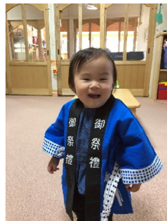
餅つきのハッピーだよ
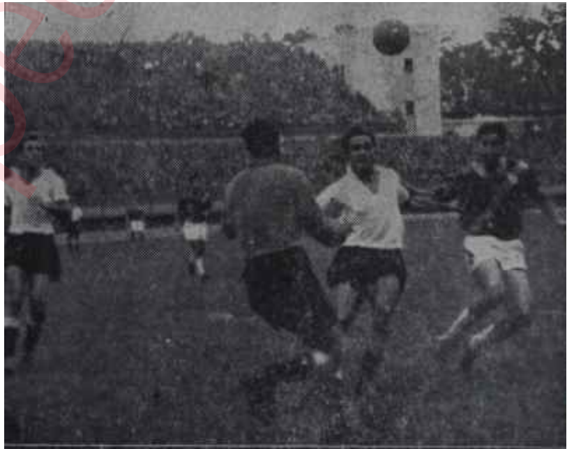
Beşiktaş — Galatasaray maçı Galibiyetten mağlubiyete

Haldun Dormen, kendisi gibi genç ve fedakâr arkadaşları ile giriştiği bu teşebbüsünde yalnız bırakılmamalıdır, zira bu gençler sahnede gösterdikleri başarı ile kendilerini seyredenlerde büyük ümitler uyandırmıştır. İstanbuldan on gün için Ankaraya gelen bu genç tiyatro heyeti, gördüğü alâka üzerine ikametini bir o kadar daha uzatmaya mecbur olmuştur. Bu hadise, tıpkı geçen sene aynı sahnede temsil edilen Jezabel piyesinde olduğu üzere, Ankaranın bir hamle tiyatrosuna muhtaç olduğunu ispat etmekte, Ankaralı seyircinin Devlet Tiyatrosu repertuarını tasvip etmediğini anlatmaktadır. Fakat anlayan kim?
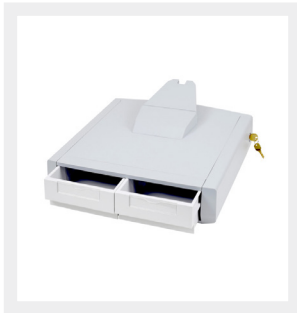
Cerradura con llave (estándar)
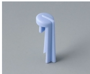
A1105006 Skala PA 6 (UL 94 HB) ciel
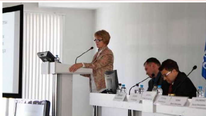
Межрегиональная НПК «Актуальные вопросы медицинской реабилитации: инновационные технологии, диетология, традиционные аспекты»
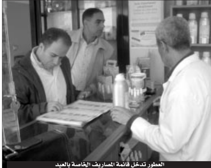
العطور تدخل قائمة المصاريف الخاصة بالعيد

وعن طريقة صنع هذه العطور، أضاف صاحب محل مماثل بباب الزوار إنه يمزج الكحول الذي يُطلق عليه اسم إيتانول بالمادة الأولية المستخلصة المتمثلة في عطر مركز خالي من الكحول يتم جلبه
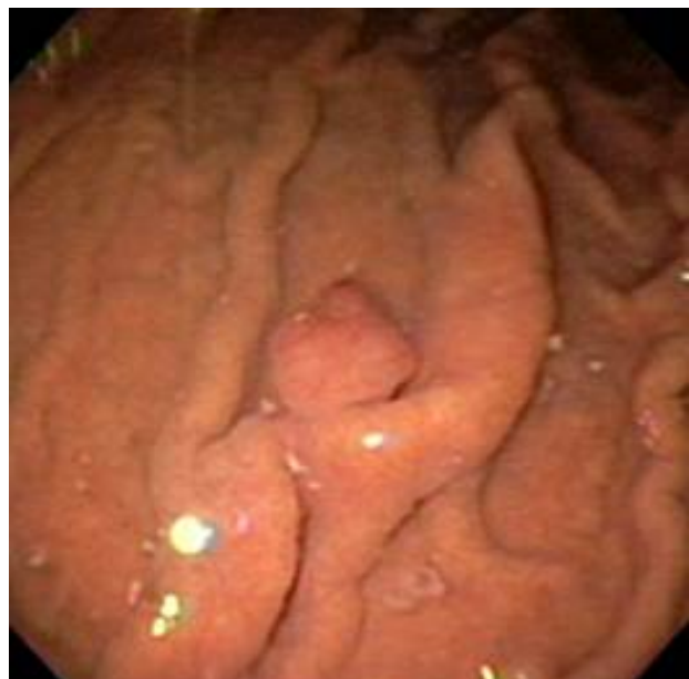
شکل ۱- نمای اندوسکوپی پولیپ پایه‌دار در دیواره قدامی فوندوس معده

معاینات بالینی معمول در این بیمار طبیعی بودند. فشار خون بیمار برابر ۱۳۰/۸۰ میلی‌متر جیوه و ضربان نبض او برابر ۸۰ در دقیقه بود. شکم بیمار در معاینه نرم و بدون هیچ گونه شواهدی از توده و یا بزرگی اعضاء بود. آزمایشات بالینی (شمارش کامل خون، آزمایشات عملکردی کبد و تیروئید و الکترولیت‌های سرمی) همگی در سطح طبیعی بودند. سونوگرافی شکم و لگن طبیعی بودند. کولونوسکوپی کامل انجام شد و نمونه‌هایی از کولون نیز تهیه گردید که البته تمامی آنها از نظر بافت شناسی طبیعی بودند.
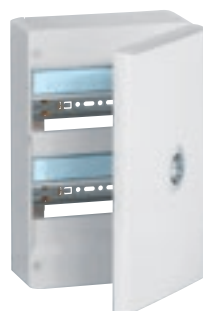
4 012 12 + 4 013 32
********************
* What you will do:
If a line above holds the string "العطور", copy it out.

* Solution for this problem:
العطور تدخل قائمة المصاريف الخاصة بالعيد
وعن طريقة صنع هذه العطور، أضاف صاحب محل مماثل بباب الزوار إنه يمزج الكحول الذي يُطلق عليه اسم إيتانول بالمادة الأولية المستخلصة المتمثلة في عطر مركز خالي من الكحول يتم جلبه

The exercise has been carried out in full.